Syndram instead directs his comments toward us, the entire student population, and our level of “barbarism,” by giving his readers snippets of incidents with no background information, as if this was a coordinated plan. Just to emphasize the point, he referred to how he and others were treated by the “Northern Illinois University student body.”

Yup. That’s you and me. And what’s equally as impressive about that statement is that he can determine the basic character outline of the entire NIU student body via his dealings with a few fools and some allegedly ill-equipped sleeping facilities.

So you say that it’s the people who make the places? You’re right, but before taking hot pokers to all of us, you should attempt to get a better idea about us and go to the bars, coffeehouses or restaurants we go to. Attempt to talk to more NIU people than just your community advising counterpoints who didn’t appear to want to hang out with you anyway.

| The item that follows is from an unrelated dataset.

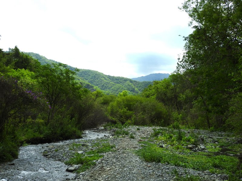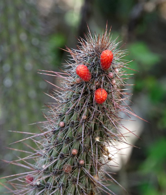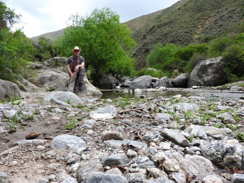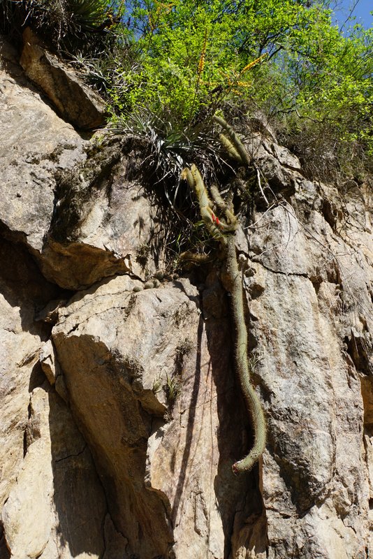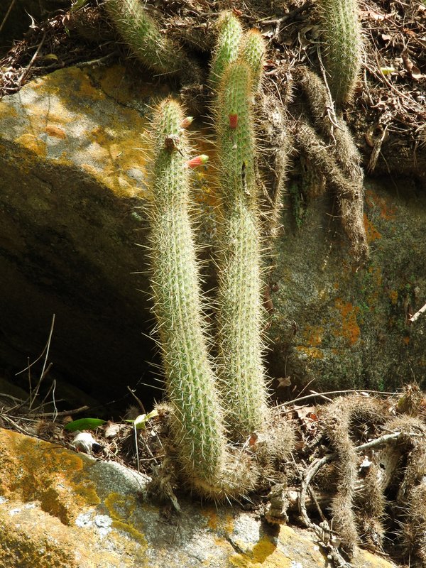 Die vielen Quittenbäume sind uns auch aufgefallen. Überall gab es "Dulce de membrillo". Übrigens meinte CABAC in Bezug auf G.occultum bei Miraflores die P131 (nicht P13). Dieser Standort wie auch die Cuesta sind offensichtlich sehr beliebt bei den Argentinienreisenden - wen wundert es, gibt es hier doch auf kürzester Distanz so vieles zu entdecken. Den Abschluss des Tages bildete eine Wanderung durch das Tal des Rio Pampichuelas, westlich von Conception, etwa 20 km südlich von Miraflores. Hier kann man auf einem schmalen Pfad entlang des Baches den Bosque (=Wald) de Arrayanes erkunden. In schwülheißer Luft windet sich der Pfad entlang des Baches durch subtropische Vegetation. Nicht unbedingt eine geeignete Umgebung um Kakteen zu finden. Aber es gibt ja auch noch die Epiphyten und schon bald fanden wir üppig mit Rhipsalis aculeata bewachsene Baumriesen. Papageien und knapp faustgroße Spinnen (keine Vogelspinne!) erinnern daran, dass wir nicht zu Hause sind. Gigantische Exemplare von Opuntia quimilo stehen hier in Blüte und an den felsigen Prallhängen des Flusses wächst Cleistocactus smaragdiflorus. Auf dem Rückweg wollte ich unbdingt nochmals G.occultum sehen. Also ging es bei Huillapima wieder rein ins Dornengestrüpp. Die Hitze war hier unerträglich und die heftigen Proteste meiner Frau waren durchaus berechtigt. Kein Windhauch sorgte für Abkühlung. Am Horizont ballten sich die Wolken über der Sierra Ancasti. Aber auch heute gab es wieder kein Gewitter. Wir waren uns einig - ein Fund reicht, dann gehts zurück ins klimatisierte Auto. Kaum war die Vereinbarung getroffen kam auch schon der erlösende Ruf aus dem Unterholz. Wunderschöne G.occultum waren Belohnung dieses Zwischenstopps. Ein Cleistocactus gab sich ebenfalls die Ehre. Morgen wird uns die Reise weiter nach Norden führen. Tafi del Valle in Tucuman ist das Ziel, doch davon später...

If anyone goes to Muncie and gets into a fight, does that mean that BSU is a campus full of barbarians? Not at all. And it is completely irresponsible for Syndram to make that deduction of our campus.

But don’t you worry, dear reader. In spite of the treacherous obstacles that we in the student body apparently placed in front of him, Syndram did learn a valuable thing on this trip.

“I did take one positive thing away from this trip, and that is that I am proud to be a Ball State student,” he said.

We’re glad you’re a Ball State student too, Justin.